Fashion is a form of ugliness so intolerable that we have to alter it every six months - Oscar Wilde
I don't think so, with reference to above. I won't speak for stemcell, but I think what he was referring to was that Rick's positivist statement is impossible to criticize and any comparison between sexes in this day and age of PC police breathing down your neck.
For example, if I were to say that from what I have observed throughout my life and lives of women that I know and the mountains of books I have read that women's sisterhood is largely a myth - that as many women as not are super competitive, scheming, mean-spirited, egotistical, ungenerous, and spiteful to other women - from the time when they become tweens and on, whereas the brotherhood of men is more real and can be affirmed in such institutions as the army and sports, I would be crucified. Of course I will say no such thing.

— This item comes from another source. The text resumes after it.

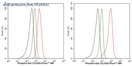 Flow cytometric analysis of Ramos cells untreated (left) / serum starved for 16 hours add 12μg/mL human IgM (diluted in serum free medium) for 2 minutes (right) labeling Phospho-Syk (Y352). Cells were fixed and permeabilized. Then stained with the primary antibody (HA723362, 1/1,000) (red) compared with Rabbit IgG Isotype Control (green). After incubation of the primary antibody at +4℃ for an hour, the cells were stained with a iFluor™ 488 conjugate-Goat anti-Rabbit IgG Secondary antibody (HA1121) at 1/1,000 dilution for 30 minutes at +4℃. Unlabelled sample was used as a control (cells without incubation with primary antibody; black).

It is true that you might have observed it but demonstrably false that it is so. Traits like competitiveness and risk-taking are culture-specific and various experiments have shown that the spread between men and women in say competitiveness will vary according to patriarchal and matriarchal structures (i.e. Indonesian women show a larger propensity for competitive risk taking than Kenyan ones, all things being equal). Other factors that may influence such things might be equal/unequal distribution of inheritance, primogeniture having strong effect on wider social structures and perception of the importance of equality when weighted against other values.
As for the PC debate I don't give a fuck about checking my privilege and encourage people to have opinions pertaining to groups other than their own (universalism and a wider social project are important to me) but the anti-PC discourse is both facile and falsely subversive as about 50% of the population agrees with any stupid comment labelled as anti-pc and is quick to point out how courageous it is.

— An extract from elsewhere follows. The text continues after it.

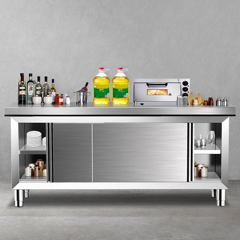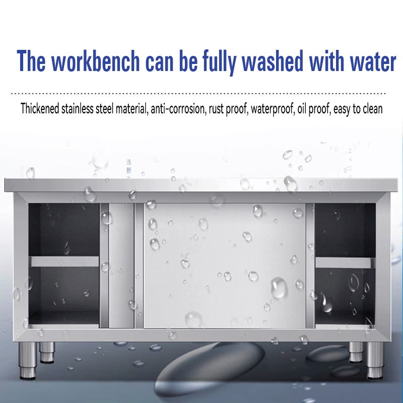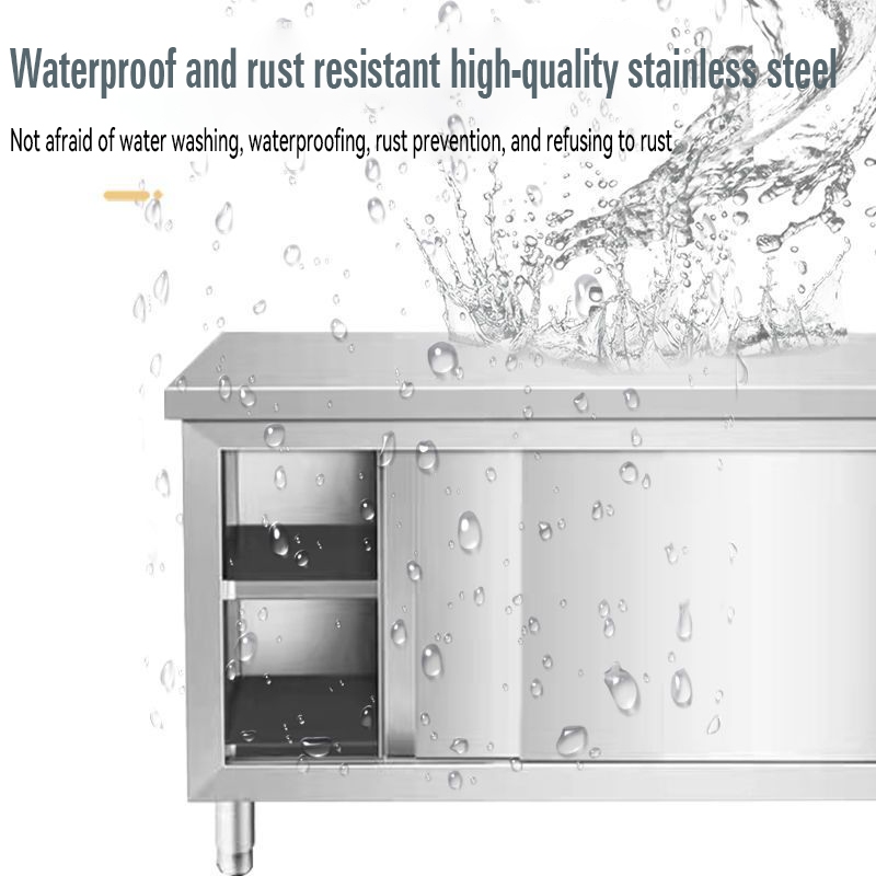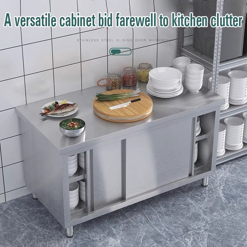 GUGA kitchen workbench 304 stainless steel sliding door workbench kitchen vegetable cutting table

I did not say this was a rule. I was saying that neither is a rule. Also, I am quite sure Rick works with a fairly specific, Western cultural context and does not give a flying fuck about gender roles in Kenya.

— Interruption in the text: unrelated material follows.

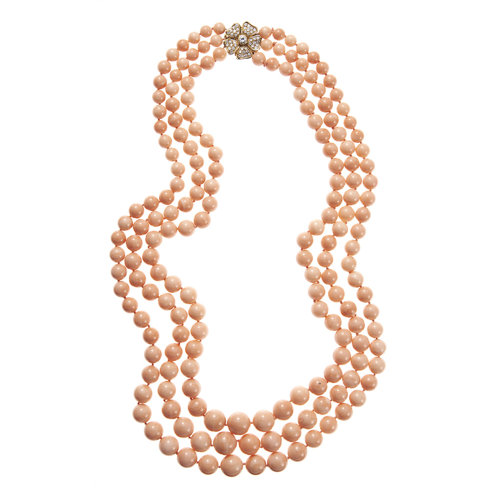 Realizzata a 3 fili di corallo rosa, disposti a degradè dal centro di mm 13-8, con chiusura a fiore in diamanti taglio brillante per totale 1 ct circa

Fashion is a form of ugliness so intolerable that we have to alter it every six months - Oscar Wilde
I think one of the problems with bringing up gender is that people tend to dive deep instantly and miss the simplicity of the surface of the point that might be being made, or the question being asked.
Evidence for my point exists as Rick himself. He is a man. All of his recent shows about women have been about nurturing, love, family, togetherness, sisterhood, etc. As a man he is capable of presenting that show and concept. Therefor, men who are potential customers could be capable of receiving/expressing it as well.
The most obvious example I can think of is ann demeulemeester (pre departure), always bringing the romanticism and emotional capacities of both genders together on one stage. I was only saying that while I love everything rick has done for men and women so far, I'd love to see his take on something masculine but a little softer or loving, perhaps that's odd word choice. Both in his statements and references for the show, but also in the pieces themselves — they are so nearly unisex as it is, and yet I still feel a longing for a few of the women's pieces to be cut for men.
Does any of that clarify? I had no intention of bringing up a larger conversation on gender— really only saying that Rick is such a sweetheart (and I guess a selfish cunt, as we've been told), and as a man, I'd like to see him relay that a bit.